▸ EXERCISE REQUIREMENTS
Take the lines from the head of the listing through the one bearing "Mode Damen Zehenfrei" and copy them exactly, leaving every picture out.

▸ DATASET CONTENT
------

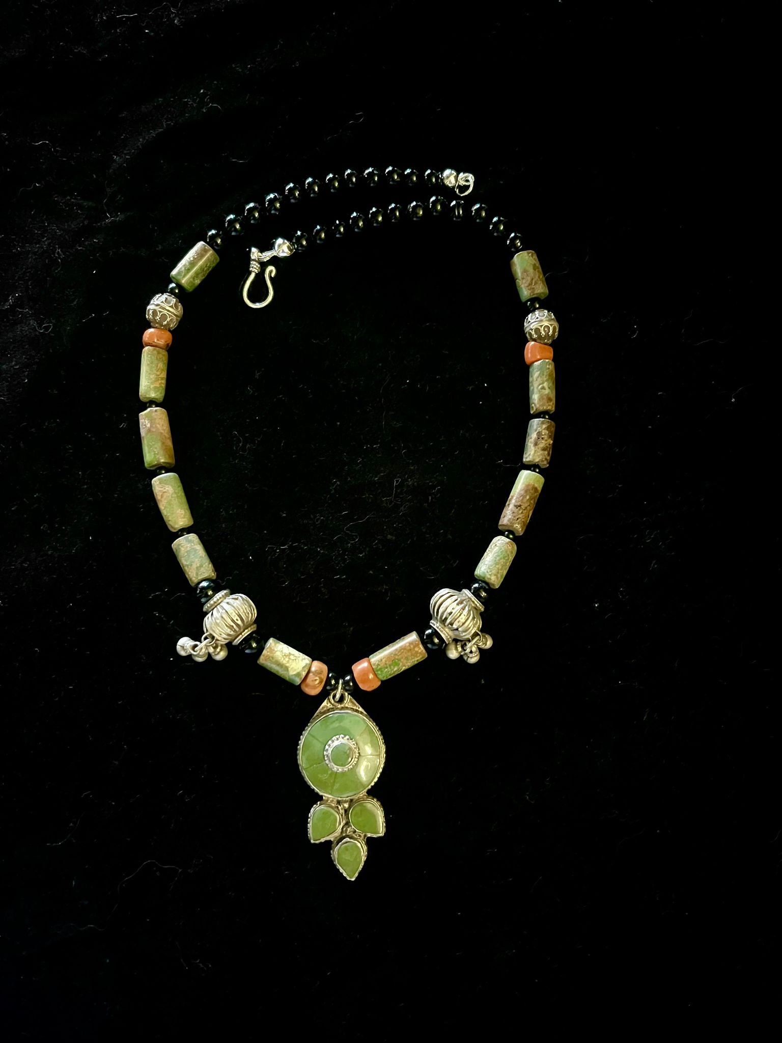 Tibetan turquoise pendant strung with old Himalayan turquoise barrel beads, old silver, coral and onyx.
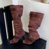 Mode Damen Zehenfrei Schuhe Damen Sandalen Stiefel Mit Dünnen Absätzen Schuhe Quadratische Zehenpartie Mode Flock Damen Kniehohe Stiefel Schuhe Pumps
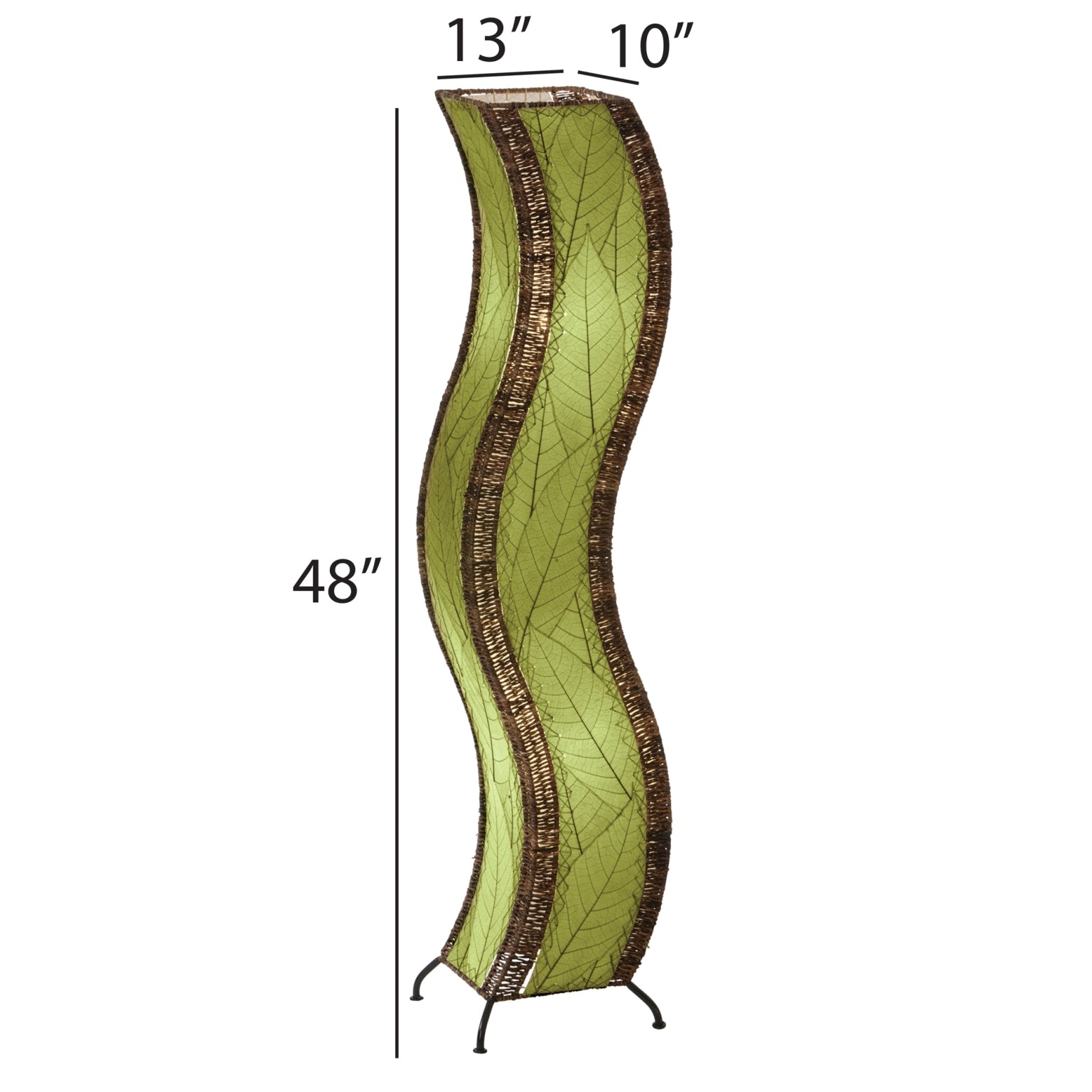 The Wave lamp puts design into motion with its relaxed and oscillating design. Your eye will naturally follow the vertically placed leaves as they are guided along the curvy shape. The corners are framed with abaca rope giving the lamp added texture.
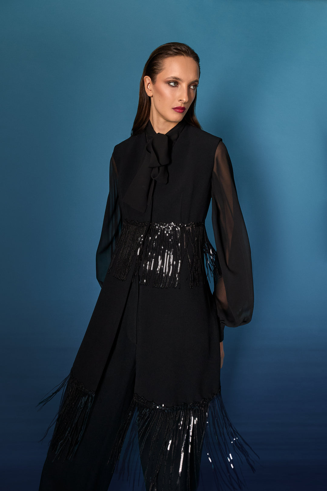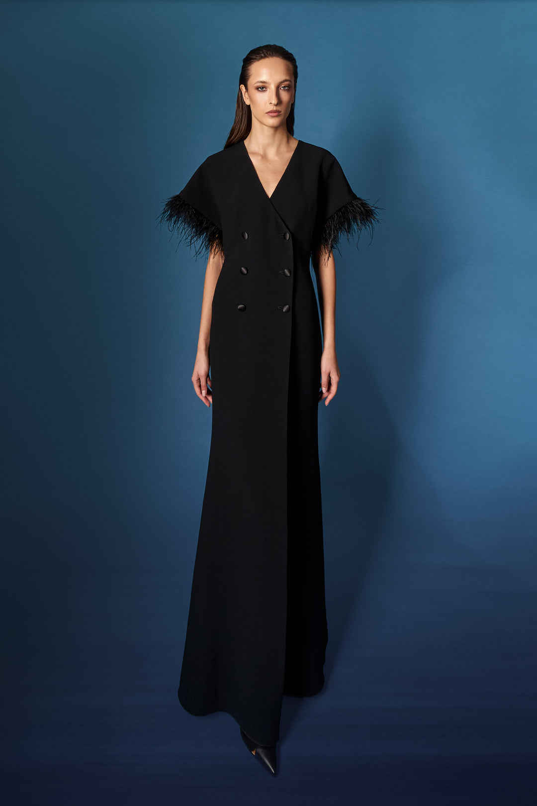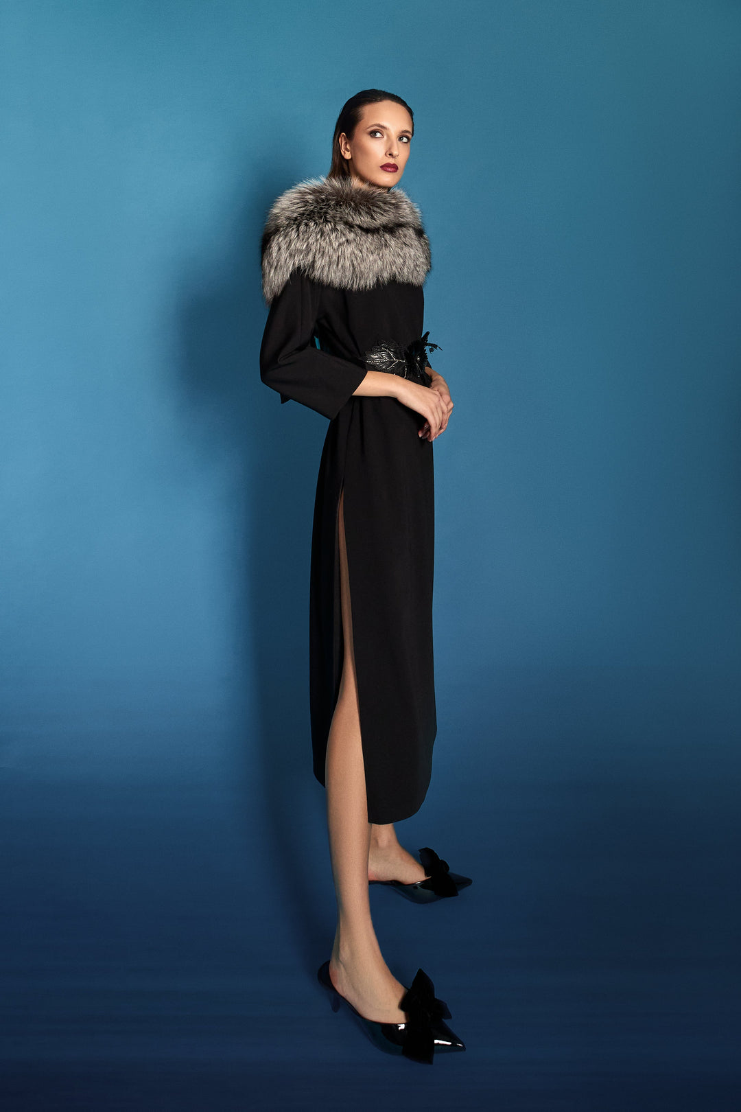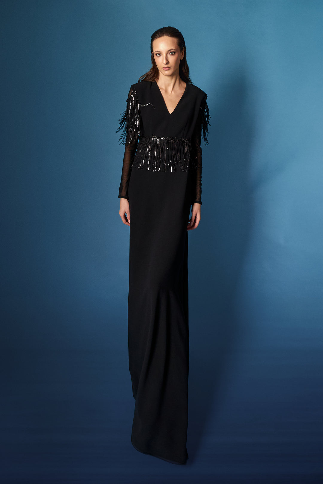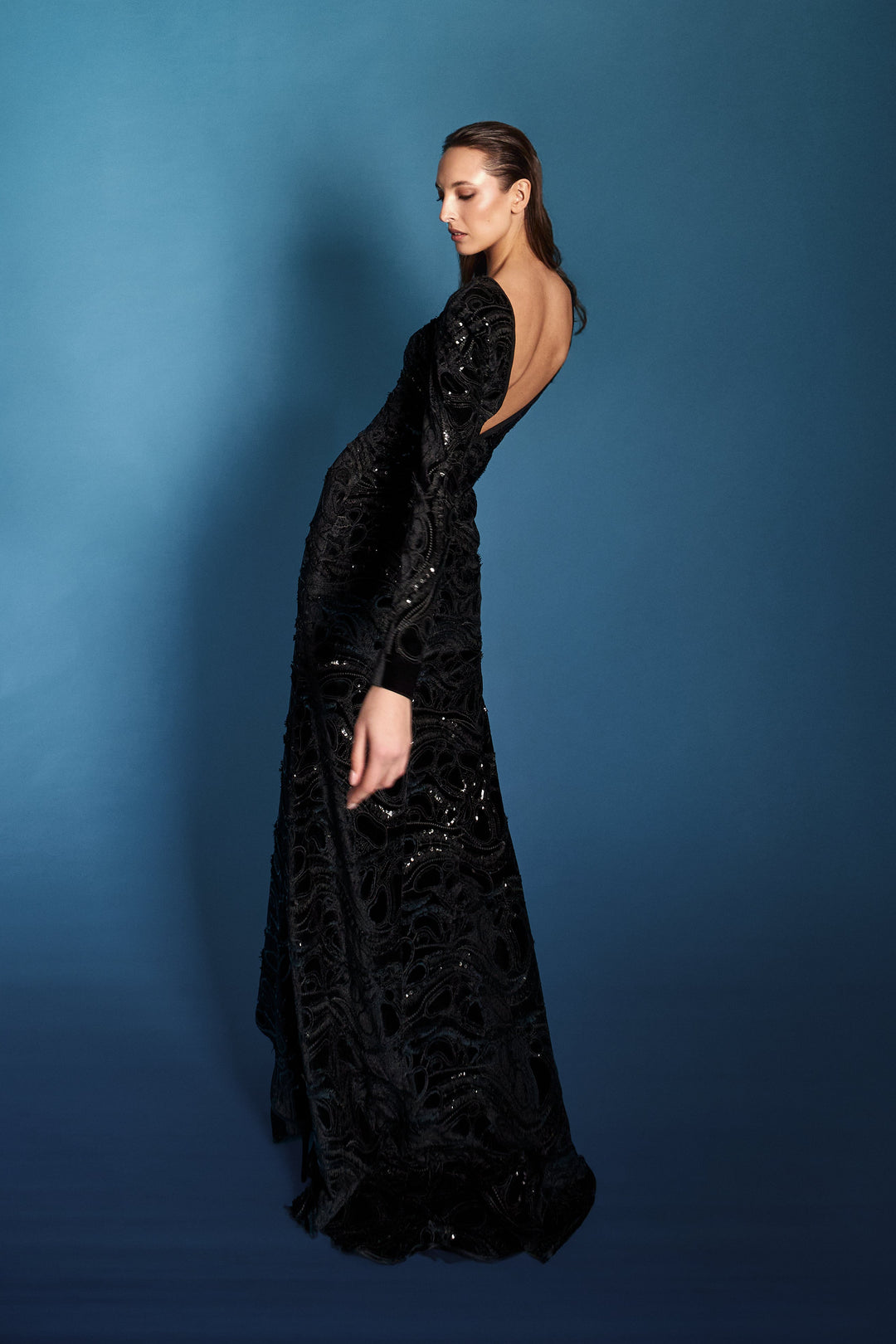 Abito verticale blu oltremare/incrostazioni micro paillettes/cappotto in velluto

------

▸ SOLUTION TO THIS PROBLEM
 Tibetan turquoise pendant strung with old Himalayan turquoise barrel beads, old silver, coral and onyx.
 Mode Damen Zehenfrei Schuhe Damen Sandalen Stiefel Mit Dünnen Absätzen Schuhe Quadratische Zehenpartie Mode Flock Damen Kniehohe Stiefel Schuhe Pumps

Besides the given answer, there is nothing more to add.